*DIRECTIONS FOR THIS TASK*: Begin at the top of the entries below and write out every line through the one containing "Olha aí mais", excluding pictures.

Start of RECORDS PROVIDED

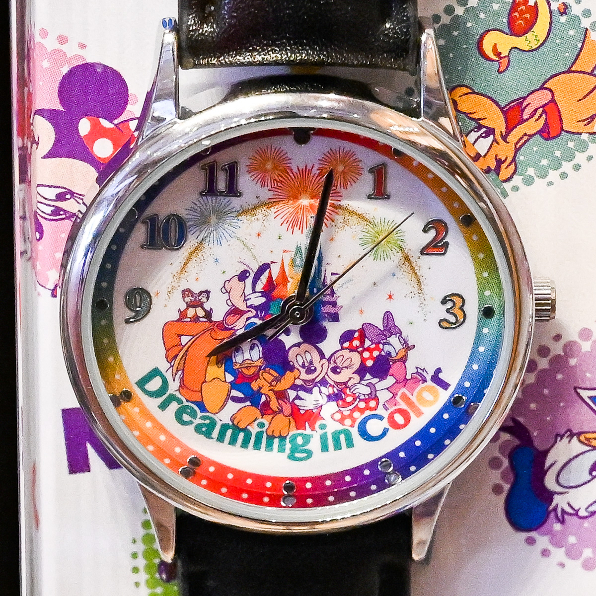 12時の文字がミッキーシェイプの花火デザインなのもかわいい腕時計。
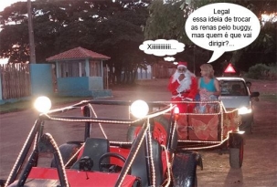 Olha aí mais um clic da chegada do Papai Noel, de buggy, a Farol, na última sexta-feira. O "bom velinho" veio ao lado da prefeita Ângela Kraus, numa carretinha puxada pelo buggy. Olha aí, com o fim das renas, agrada-se a sociedade protetora dos animais e ainda gera emprego de motorista...
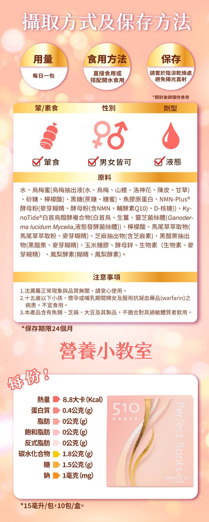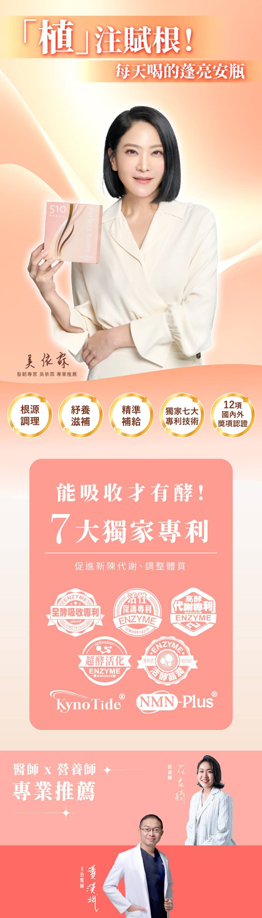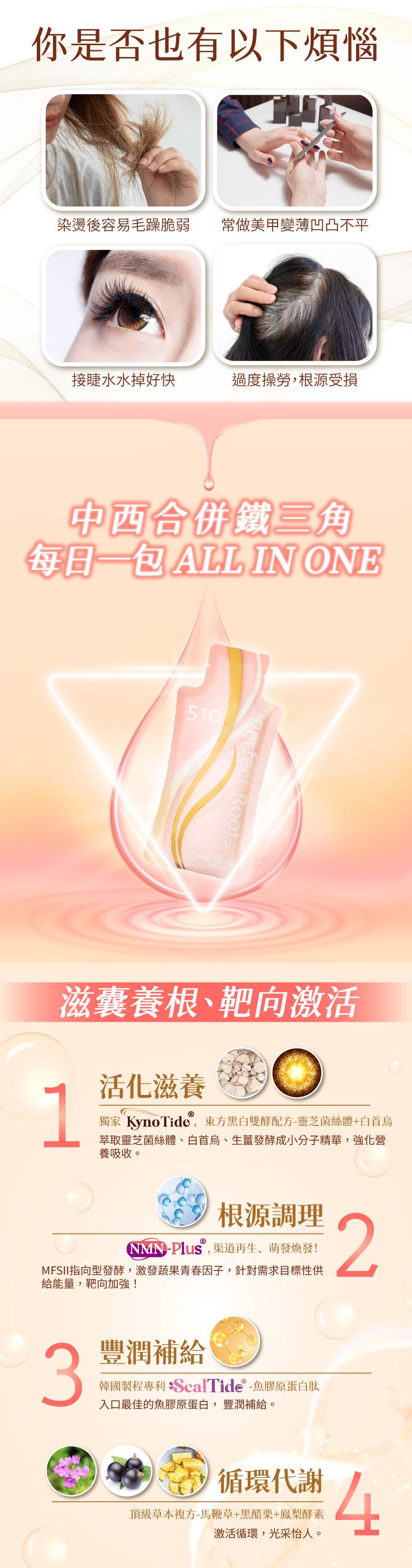 -獨家 KynoTide®發酵技術,萃取黑靈芝、白首烏、生薑發酵成小分子精華,活化囊窟、強化營養吸收 -根源調理:MFSII全型態醱酵
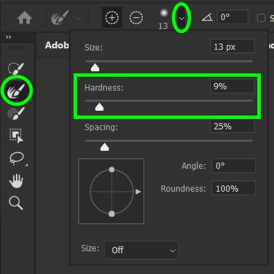 Then, use the brush tool settings to set the hardness between 1% and 10%, depending on how thick the strands of hair you want to refine are.
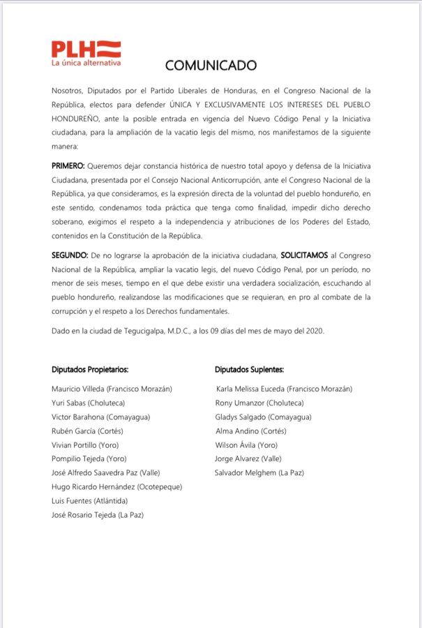 A través de un comunicado, la banda de diputados del Partido Liberal de Honduras (PL), solicito al Congreso Nacional (CN) extender al menos seis meses la vacatio legis, ante la posible entrada en vigencia del Nuevo Código Penal.
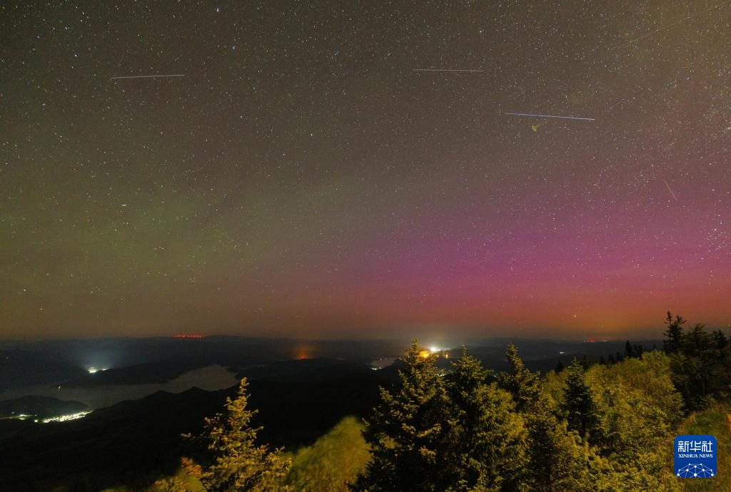 6月2日在黑龙江省牡丹江市海林市大锅盔山拍摄的极光。

End of RECORDS PROVIDED

*OUTPUT OF THE TASK*:
 12時の文字がミッキーシェイプの花火デザインなのもかわいい腕時計。
 Olha aí mais um clic da chegada do Papai Noel, de buggy, a Farol, na última sexta-feira. O "bom velinho" veio ao lado da prefeita Ângela Kraus, numa carretinha puxada pelo buggy. Olha aí, com o fim das renas, agrada-se a sociedade protetora dos animais e ainda gera emprego de motorista...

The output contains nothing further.